There are regular jeep and tiger safaris, which take tourists inside the forest. Forest guards are always on a lookout for pugmarks of tigers, which help them to trace one. As soon as they spot tigers, lodges and hotels are immediately informed, which in turn inform the tourists. You have to get ready quickly, because the tiger will obviously not stay there long waiting for you! Jeeps take tourists till the motorable road. From there tourists are taken on elephants to the spot where the tiger is. After seeing the tiger they drop tourists at the same spot where the jeep dropped, to be taken back to the hotel by the jeep.

This is where we had quite an adventure! The jeeps and elephants were doing multiple rounds, till the tigers remained at the spot. Somehow, the driver of our jeep forgot to take us back, their being quite a large number of tourists that time.
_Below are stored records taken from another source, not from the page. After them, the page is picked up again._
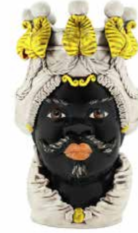
200838,20 VASE MORO MAN BIG W/CANDLEHOLDER H48
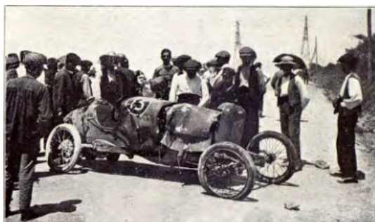
El coche en mitad de la carretera tras el accidente ( Catalunya Gráfica ).

Versión 3: El periodista Tenu, del periódico local El Diluvio , publicó su versión del accidente el día 24 de mayo tras interrogar a todos los presentes que pudo. En ésta, se detalla que a 300 pasos del suceso, mientras Lombard intentaba avanzar al Loryc 2 de Augusto Chasaigne, se le rompió un neumático delantero. Lombard intenta frenar sin éxito, patinándole el coche y yéndose contra el público que no estaba ocupando la carretera, sino que se situaba junto a ella.
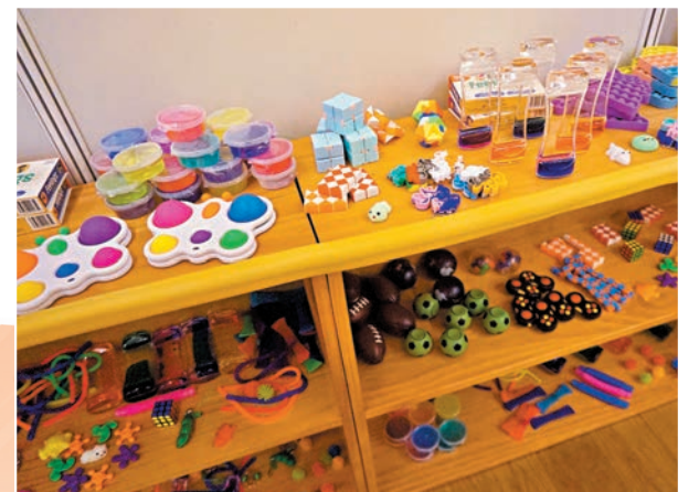
◆共融休息空間中備有多款舒壓小玩具。
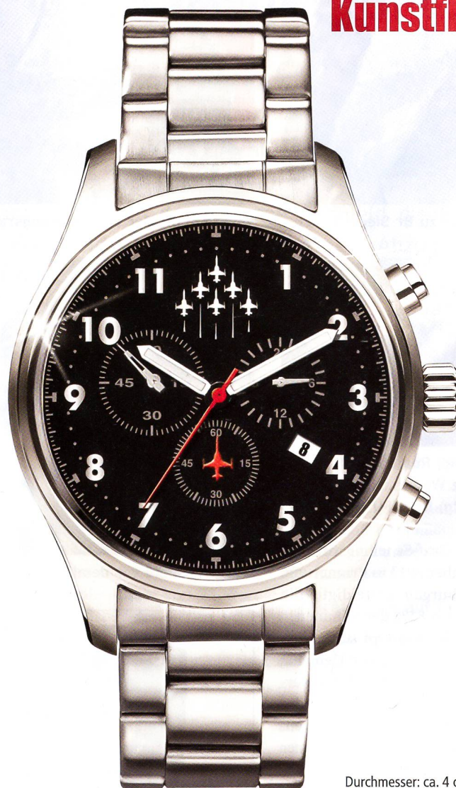
Durchmesser: ca. 4 cm
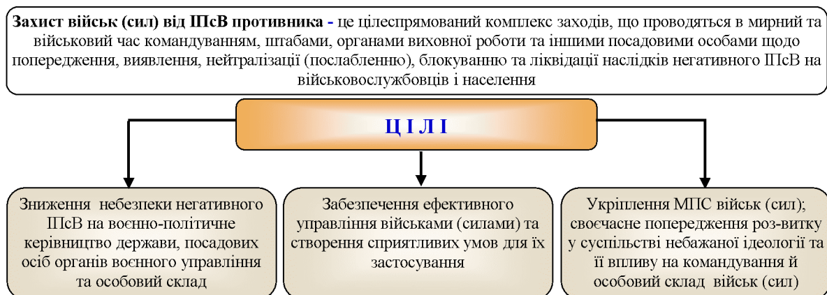
Рис. 1. Цілі захисту військ від ПСВ

своєчасного запобігання розвитку у військових колективах небажаної ідеології та її впливу на командування і особовий склад частини (підрозділу).
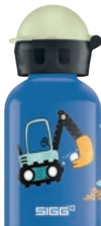
Build It SI 9001.90
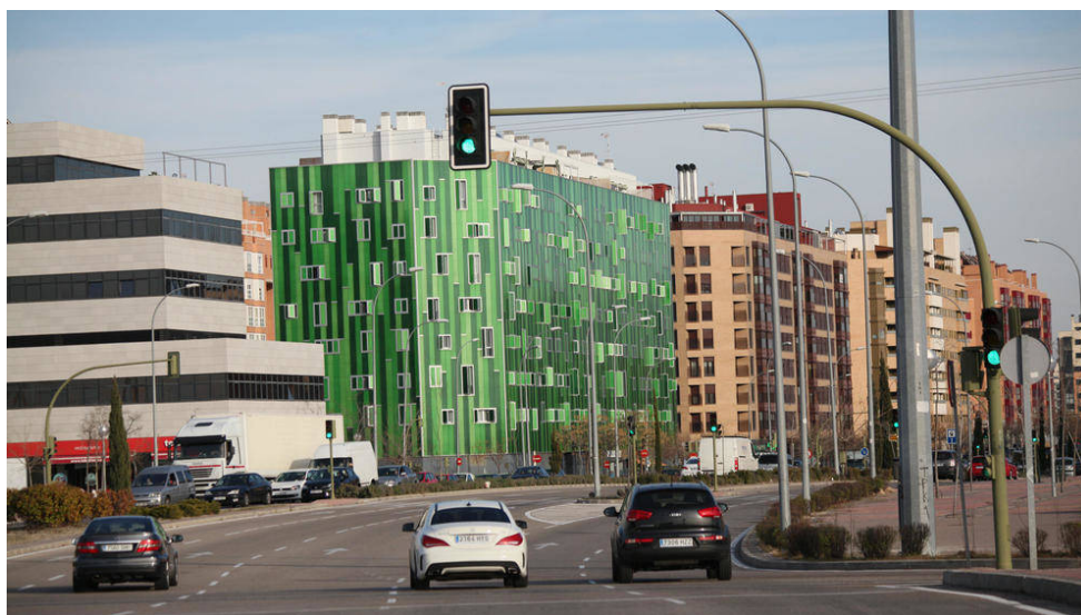
Pisos en Vallecas.

Un fondo del banco ha comprado el 5% de la sociedad inmobiliaria del Grupo Ortiz, que gestiona activos en alquiler con una ocupación media del 98%

We waited patiently for our jeep, till the other groups of tourist were also there waiting for their respective jeeps. One by one everyone left, but no trace of our vehicle. Then we started panicking. It had begun to get dark and here we were in the midst of dense forest; not a sound of human being anywhere; only the sound of birds and leaves moving with the wind. And above all, having sighted not one, but six tigers nearby! What could we do? We started walking on the road, following the jeep’s route, all the time praying silently and watching out for any sound, the jeep’s as well as any rustling among the trees and grass. We almost thought we may become prey today. But God lives in forests too!Some foreign tourists were returning in a jeep. On seeing us walking in that jungle, totally unarmed, they stopped. One almost said- ‘Are you mad?’ Whatever we were, they asked us to climb in their jeep at once. We reached our lodge alive, with an adventure to remember all our lives. Evening walk in a tiger reserve!

Bandhavgarh National Park
This is another place of undisturbed natural beauty. Situated amidst the Vindhya ranges, the beauty of Bandhavgarh is different from that of Kanha. Their are more grasslands here.

Bandhavgarh National park is 197 km. north east of Jabalpur, and the nearest railway station is Umariya from where it is 34 km. Bandhavgarh forest was the hunting ground of the royal family of Rewa. There is an old fort too inside the forest.

Like any other national park here too regular jeep and elephant safaris are available. Special trips are made, if a tiger is spotted somewhere.

Because there are fewer tourists at Bandhavgarh, compared to Kanha, we enjoyed more here. The tiger we saw was leisurely basking in the winter sun after killing and feasting on a peacock, amidst tall grass all around. We saw the remains of the fresh kill  lying next to the tiger. All elephants except one, with ours, had returned. The tiger was sleeping in spite of the tourist movement. Now that we were the last tourists, our mahout poked the elephant to trumpet to wake up the tiger. I was frightened and didn’t want the tiger to look at me! But it did wake up at the sound of the elephant and stared at us. When the mahout purposely rotated his stick pointing the tiger, it suddenly sat up and gave a fierce angry roar. I don’t know about the rest of the group, but I froze for a second and pleaded the mahout to take us back immediately!

Watching the elephants taking bath in the forest pond, with their little ones, helped by the mahouts, is a beautiful sight I’ll never forget.
The village around the forest too offer an experience of the typical relaxed pace of village life.

Evenings in and around the forest have an eerie silence, but certainly worth experiencing. It is part of our beautifully frightening mother nature!